I started being tapped for my insight into Generative AI, developer tooling and vector databases.

Initially, this came in the form of various think tanks and research firms asking me to join calls as an expert, and to give my opinions and share my experiences as an experienced software developer experimenting with the first raft of AI-assisted developer tooling.

My about page refresh

Realizing the opportunity at hand, I quickly gave my about page a face lift, making it more clear that I do limited engagements for my key areas of interest.

By the end of the year, I had successfully completed several such engagements, but was also beginning to see an uptick in direct outreach, not mediated by any third party.

Personal wins

There were many reasons I wanted to work at Pinecone as a developer advocate. One of those many reasons was that the role involved some flying and some public speaking, both of which I have some phobia around.

Zachary Proser giving a talk

I intentionally wanted to go to the places that scare me, and I am pleased to report that even after just a couple of sessions of exposure therapy this last year, I'm already feeling better about both.

Zachary Proser giving a speech

I did some talks, webinars and conferences this year in Atlanta, San Francisco, New York and they all went really well, resulting in new contacts, Pinecone customers, followers and follow-up content.

Takeaways and learnings

Publish. Publish. Publish. You cannot know in advance what will be successful and what will fall flat. Which articles will take off and which will get a few silent readers.

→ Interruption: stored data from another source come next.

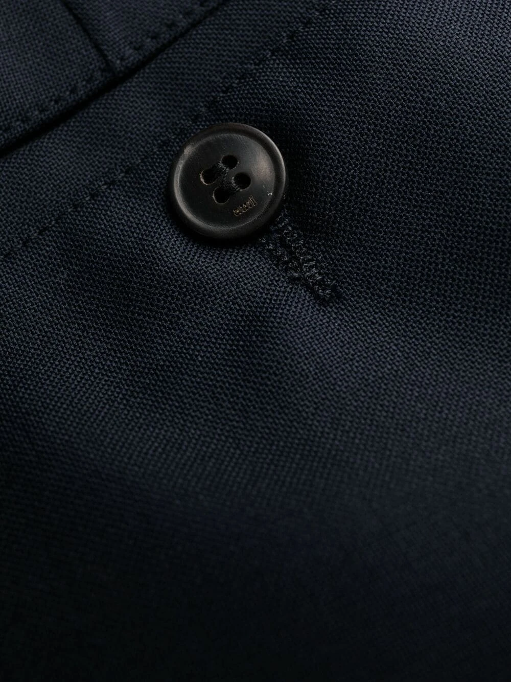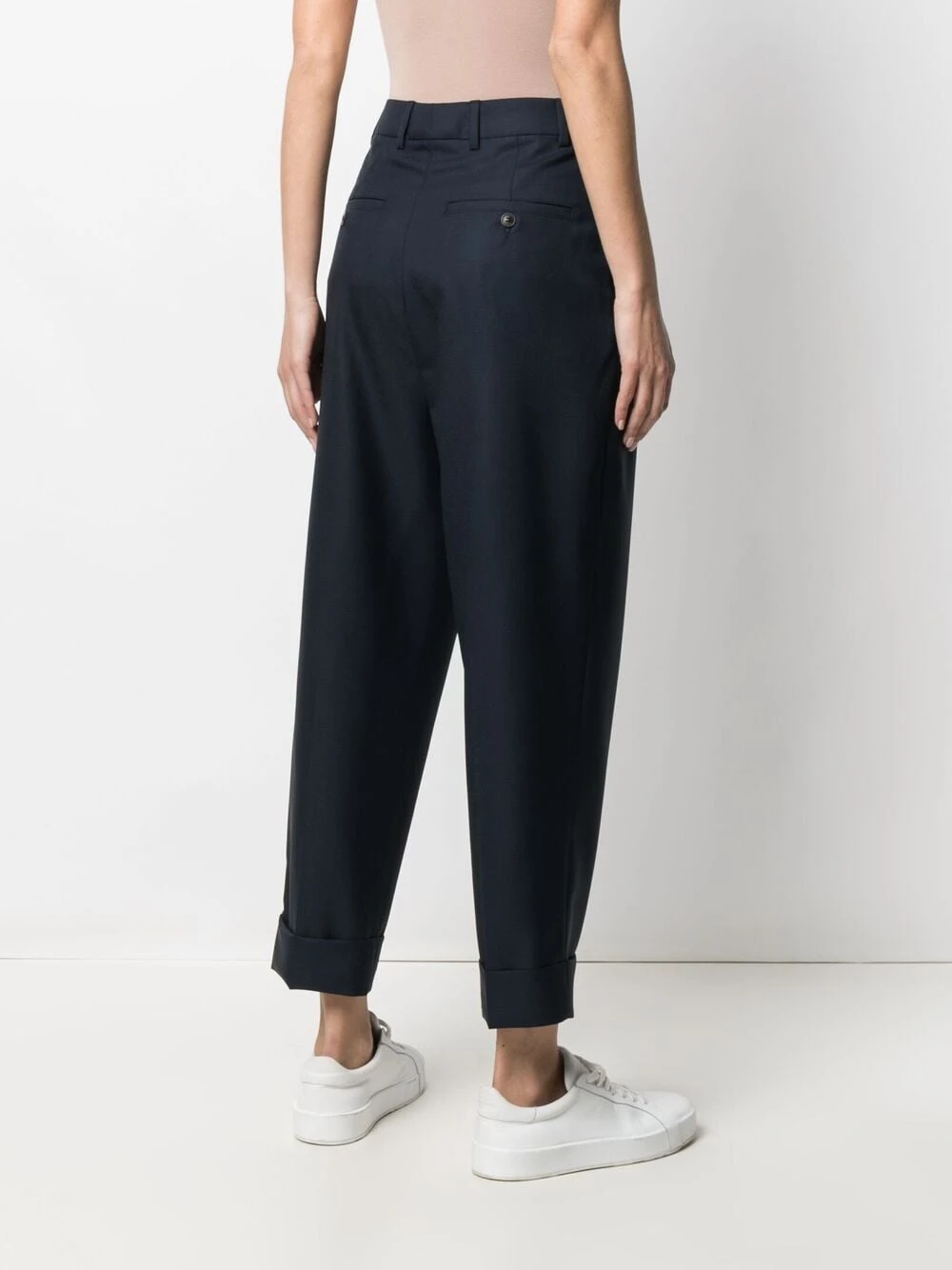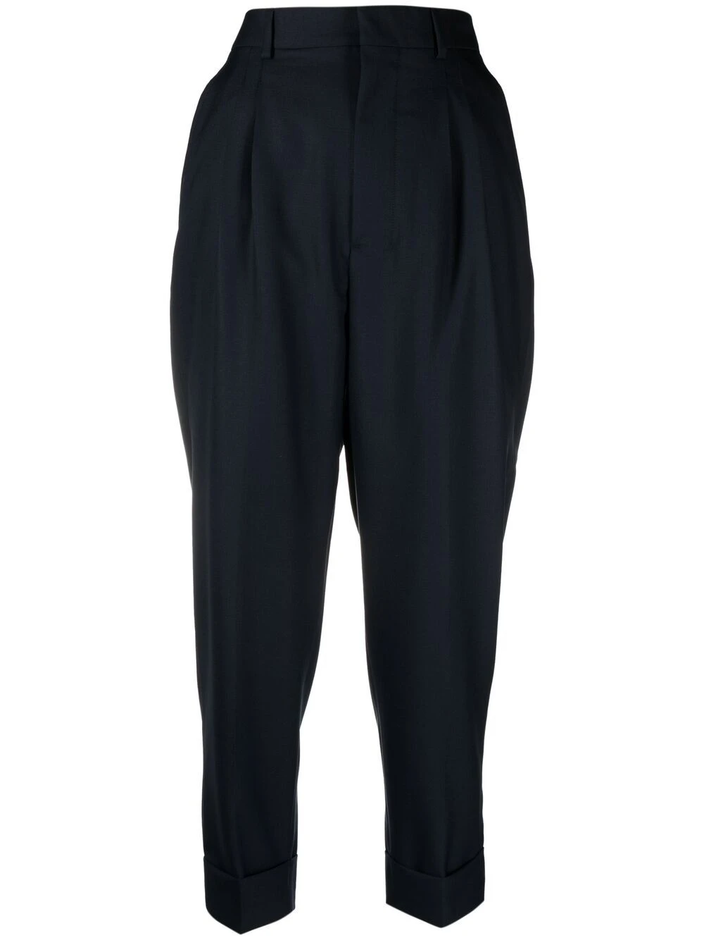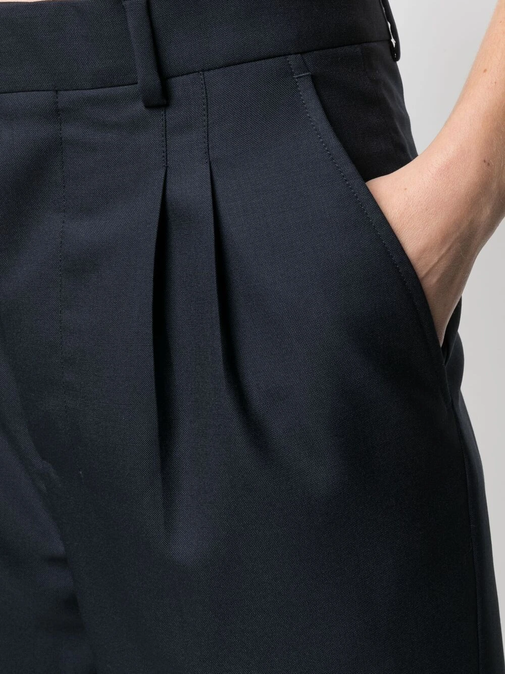 Pinces, poignets retroussés, passants de ceinture, taille haute, fermeture à zip et boutons sur le devant, coupe fuselé, poches latérales fendues, poches arrière passepoilées. Matière : laine vierge.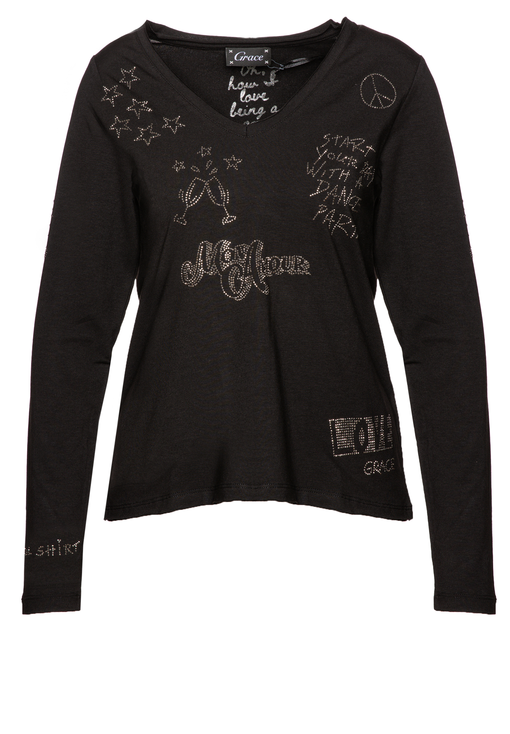 GRACE Langarmshirt Mon Amour mit Glitzer-Details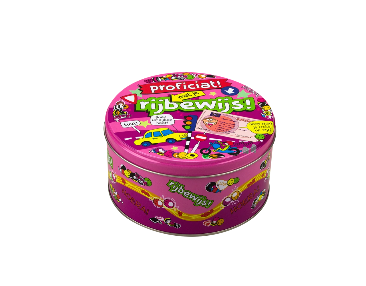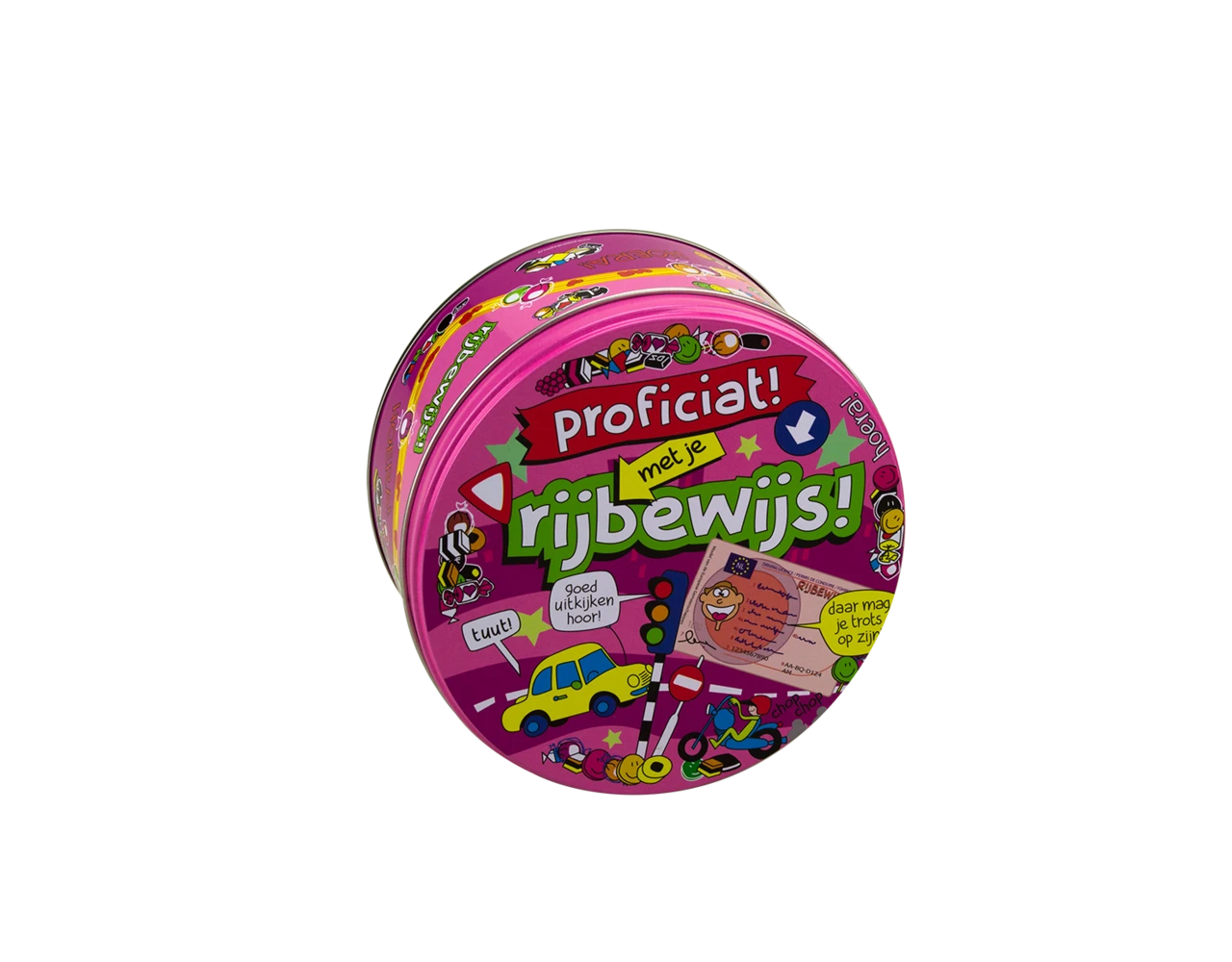Verpakkingsinhoud: Snoeptrommel Geslaagd Rijbewijs 14cm
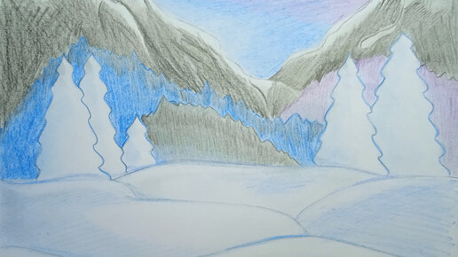 Зимний лес \\ Лес карандашами // Как нарисовать зиму

I am regularly surprised by how well certain posts, videos and projects do, and which aspects of them folks find interesting, and how poorly certain projects do, despite a great deal of preparation.

Build self-sustaining loops

I use what I learn at work to write content and build side projects that people will find interesting.

I use what I learn in my side project development at work - constantly. Side projects have been an invaluable constant laboratory in which to expand my skill set and experience.

I use my skill sets and experience to help other people, including clients and those looking for assistance in development, understanding industry trends, and building better software.

Rinse and repeat constantly for many years, with minimal breaks in between.